Most years for special occasions like New Year’s Eve, Valentine’s Day, and birthdays hubby and I splurge on getting a really good steak from an actual butcher shop like Siesel’s or Iowa Meat Farms. Our favorite is to get a Delmonico Rib Eye, which still has the bone in, and is available in a double thick cut. One really giant steak to cook to a perfect medium rare, and share between the two of us. It feels fancy, it’s cheaper than going out to a steak house on a crowded night, and we have a lot of fun cooking together.
I think we have finally perfected our method for cooking an amazing steak with a crunchy seared exterior, and perfectly tender interior.
Pan Seared Oven Roasted Steak
- The best steak you can get your hands on
- Olive oil
- A well seasoned cast-iron skillet
- Salt and Pepper
Take your steak out of the fridge at least a half hour before cooking to bring to room temperature. Rub with olive oil, and generously season the steak on all sides with salt and pepper.
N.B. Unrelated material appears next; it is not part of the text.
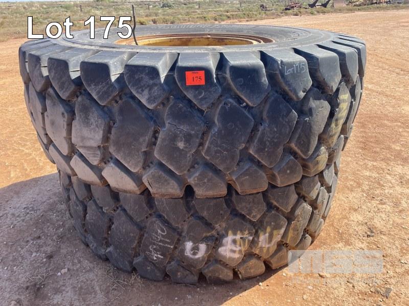 2 PLANT TYRES & RIMS, BRIDGESTONE 24.00 R35S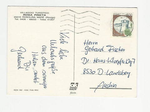 AK Villaggio Turistico Rosapineta. Rosolina Mare. Gelaufen. Großformat. Verlag: Blitz. Nummeriert: 182. Zustand: linkes unteres Eck geknickt, sonst O.k.

Preheat your oven to 500 degrees F.
Heat a well-seasoned cast iron skillet over high heat. Sear your steak on all sides. You may need to hold it upright with tongs to brown the edges. For our double thick steak, we seared it for about 45 seconds per side.
Once the steak is browned on all sides, slide it in the cast iron skillet into your oven. Cook the steak for 2-7 minutes on each side, depending on thickness. (2 minutes per side for a medium rare 1 1/2 inch steak, 7 minutes per side for a 3 inch thick steak)
Let steak rest for about ten minutes before slicing it.